→ Recorded information
────────────────────
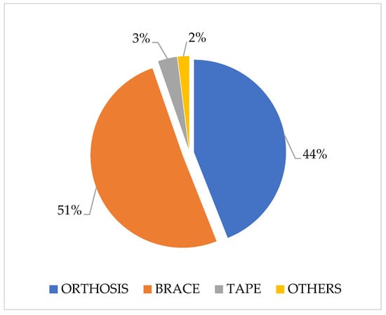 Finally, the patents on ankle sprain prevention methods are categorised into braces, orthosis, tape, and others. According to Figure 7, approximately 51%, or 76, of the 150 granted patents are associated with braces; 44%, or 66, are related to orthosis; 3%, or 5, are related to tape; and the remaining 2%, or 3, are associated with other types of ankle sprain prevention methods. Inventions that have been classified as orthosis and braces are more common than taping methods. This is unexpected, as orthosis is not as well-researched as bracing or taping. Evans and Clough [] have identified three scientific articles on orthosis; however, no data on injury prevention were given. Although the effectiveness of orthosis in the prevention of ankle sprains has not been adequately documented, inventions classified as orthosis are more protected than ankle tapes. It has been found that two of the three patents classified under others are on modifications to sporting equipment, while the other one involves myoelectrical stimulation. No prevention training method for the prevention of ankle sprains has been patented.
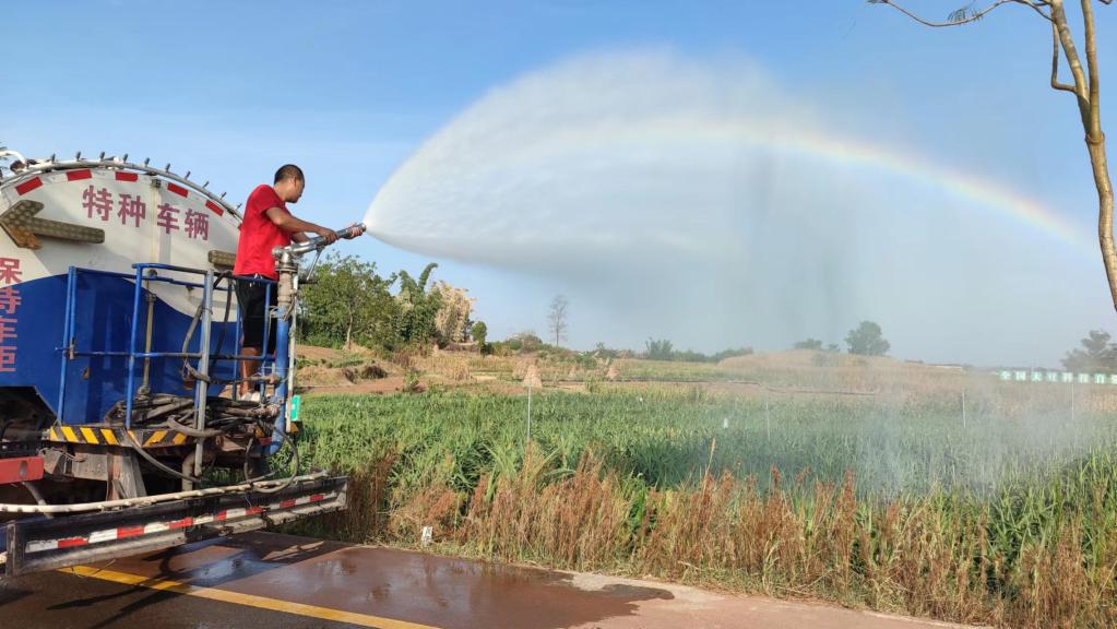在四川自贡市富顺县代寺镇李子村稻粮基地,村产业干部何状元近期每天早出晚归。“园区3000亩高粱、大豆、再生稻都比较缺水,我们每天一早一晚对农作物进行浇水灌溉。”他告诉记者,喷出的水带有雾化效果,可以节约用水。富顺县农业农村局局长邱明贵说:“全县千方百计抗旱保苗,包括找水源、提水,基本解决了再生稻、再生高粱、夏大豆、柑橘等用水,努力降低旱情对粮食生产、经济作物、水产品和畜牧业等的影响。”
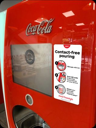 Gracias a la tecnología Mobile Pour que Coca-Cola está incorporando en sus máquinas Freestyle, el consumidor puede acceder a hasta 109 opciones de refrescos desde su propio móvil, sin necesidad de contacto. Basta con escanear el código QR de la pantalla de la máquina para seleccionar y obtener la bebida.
────────────────────
The listing above is to be retyped exactly, with all pictures left out.

 Finally, the patents on ankle sprain prevention methods are categorised into braces, orthosis, tape, and others. According to Figure 7, approximately 51%, or 76, of the 150 granted patents are associated with braces; 44%, or 66, are related to orthosis; 3%, or 5, are related to tape; and the remaining 2%, or 3, are associated with other types of ankle sprain prevention methods. Inventions that have been classified as orthosis and braces are more common than taping methods. This is unexpected, as orthosis is not as well-researched as bracing or taping. Evans and Clough [] have identified three scientific articles on orthosis; however, no data on injury prevention were given. Although the effectiveness of orthosis in the prevention of ankle sprains has not been adequately documented, inventions classified as orthosis are more protected than ankle tapes. It has been found that two of the three patents classified under others are on modifications to sporting equipment, while the other one involves myoelectrical stimulation. No prevention training method for the prevention of ankle sprains has been patented.
在四川自贡市富顺县代寺镇李子村稻粮基地,村产业干部何状元近期每天早出晚归。“园区3000亩高粱、大豆、再生稻都比较缺水,我们每天一早一晚对农作物进行浇水灌溉。”他告诉记者,喷出的水带有雾化效果,可以节约用水。富顺县农业农村局局长邱明贵说:“全县千方百计抗旱保苗,包括找水源、提水,基本解决了再生稻、再生高粱、夏大豆、柑橘等用水,努力降低旱情对粮食生产、经济作物、水产品和畜牧业等的影响。”
 Gracias a la tecnología Mobile Pour que Coca-Cola está incorporando en sus máquinas Freestyle, el consumidor puede acceder a hasta 109 opciones de refrescos desde su propio móvil, sin necesidad de contacto. Basta con escanear el código QR de la pantalla de la máquina para seleccionar y obtener la bebida.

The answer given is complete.